The applicant stated she had a derogatory mark on her record
explaining why she received an Article 15 NJP, and goes on to
state at the time I was not given the opportunity to write a
rebuttal. However, she initialed the I do not appeal block
during her Article 15 processing on 26 Nov 10 choosing not to
mark the I appeal and submit matters in writing block. She
further states her discharge was not due to disciplinary
reasons, however; she was involuntarily discharged under the
Rollback due to denial of reenlistment which was based on a
pattern of disciplinary issues to include the Article 15, two
LOCs and an LOR for failure to obey orders and she failed to
maintain minimum Physical Fitness Standards during the 09-10
rating period. Additionally, the applicant had the following
two statements on her last performance report, requires
constant supervision, and not ready for promotion.
AFI 36-2606, Reenlistment in the USAF, states commanders have
selective reenlistment selection or non-selection authority.
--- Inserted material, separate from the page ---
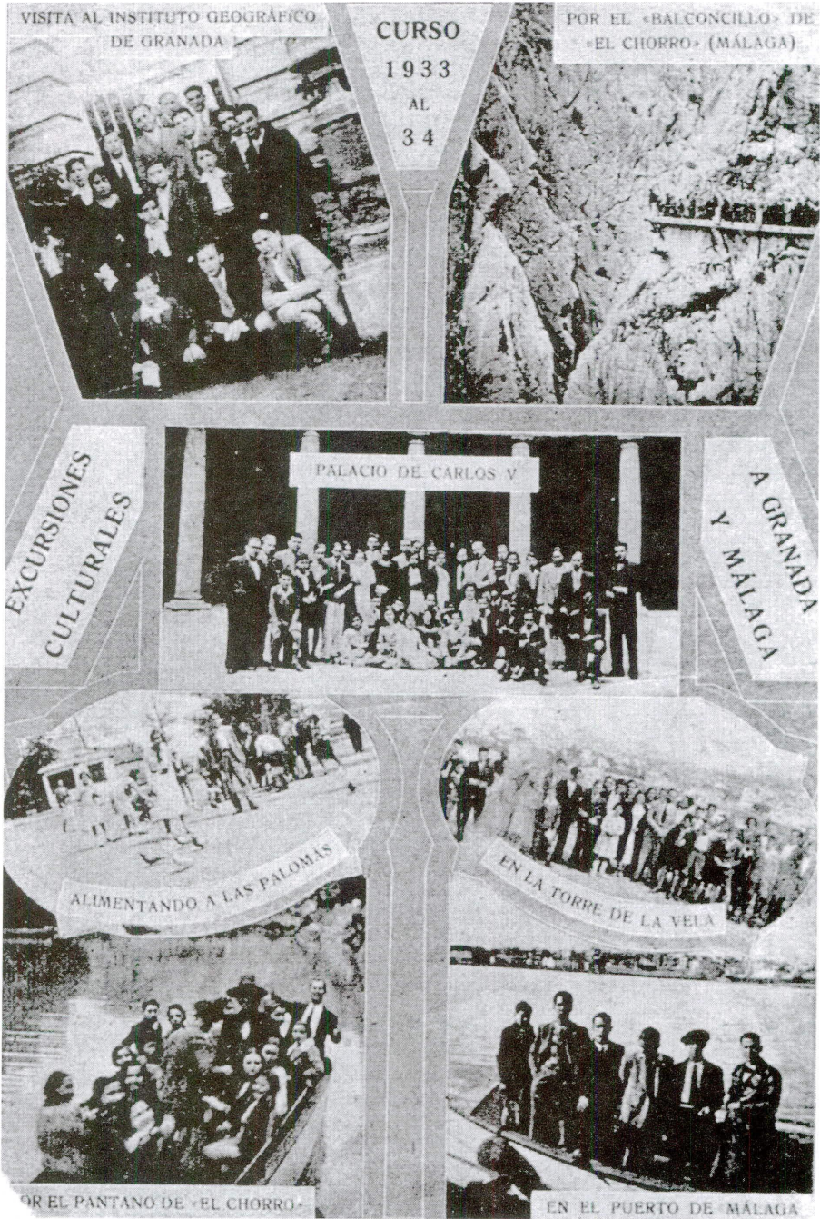
Excursiones culturales. Visitas a Granada y Málaga: Curso 1933-34

The Selective Reenlistment Program (SRP) considers the members
EPR ratings, Unfavorable Information from any substantiated
source, the airmans willingness to comply with Air Force
standards and/or the airmans ability (or lack of) to meet
required training and duty performance levels. The applicant
states she was given an opportunity to separate voluntarily as
part of the Rollback program. However, she was non-selected for
reenlistment and could not have stayed in the Air Force if she
wanted to. She would have had to separate on her Date of
Separation if she was not involuntarily discharged under the
FY11 Rollback in which members were mandatorily separated not
later than 31 May 11.
The complete DPSOA evaluation is at Exhibit C.
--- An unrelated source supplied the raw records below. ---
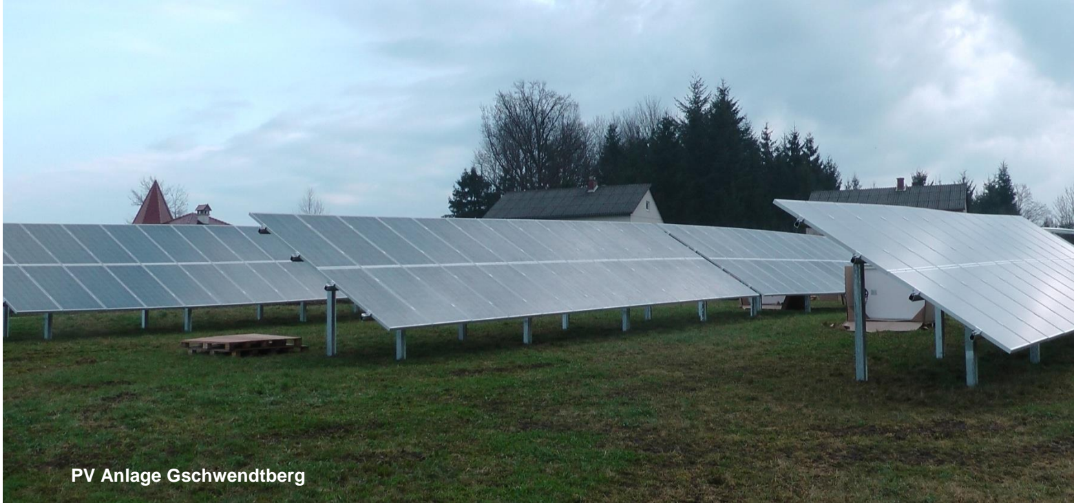
PV Anlage Gschwendtberg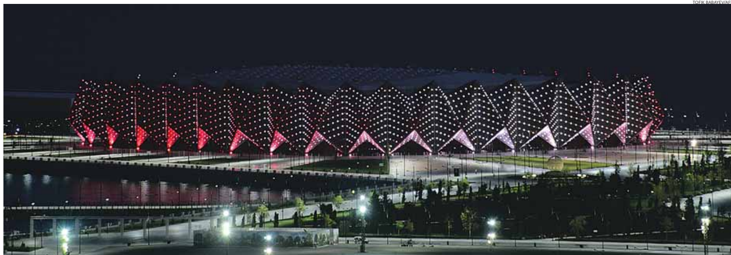
O Crystal Hall, pavilhão que vai receber as competições de andebol e de voleibol durante os Jogos Europeus

Falta um mês para o evento que vai reunir cerca de seis mil atletas em Baku, a capital de um país que está no fundo de muitas listas de liberdade de imprensa e respeito pelos direitos humanos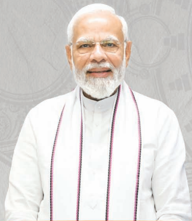
Shri Narendra Modi Prime Minister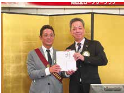
誕生日の河口会員

APPLICANT'S REVIEW OF AIR FORCE EVALUATION:
A copy of the Air Force evaluation was forwarded to the
applicant on 10 Oct 14 for review and comment within 30 days
(Exhibit D). As of this date, no response has been received by
this office.
THE BOARD CONCLUDES THAT:
1. The applicant has exhausted all remedies provided by
existing law or regulations.
2. The application was timely filed.
3. Insufficient relevant evidence has been presented to
demonstrate the existence of an error or injustice. We took
notice of the applicants complete submission in judging the
merits of the case; however, we agree with the opinion and
recommendation of the Air Force office of primary responsibility
(OPR) and adopt its rationale as the basis for our conclusion
the applicant has not been the victim of an error of injustice.
Therefore, in the absence of evidence to the contrary, we find
no basis to recommend granting the requested relief.
THE BOARD DETERMINES THAT:
The applicant be notified the evidence presented did not
demonstrate the existence of material error or injustice; the
application was denied without a personal appearance; and the
application will only be reconsidered upon the submission of
newly discovered relevant evidence not considered with this
application.
The following documentary evidence pertaining AFBCMR Docket
Number BC-2014-02189 was considered:
Exhibit A. DD Form 149, dated 9 Jan 14, w/atchs.
Exhibit B. Applicant's Master Personnel Records.
Exhibit C. Memorandum, AFPC/DPSOA, dated 25 Jun 14.
Exhibit D. Letter, SAF/MRBR, dated 10 Oct 14.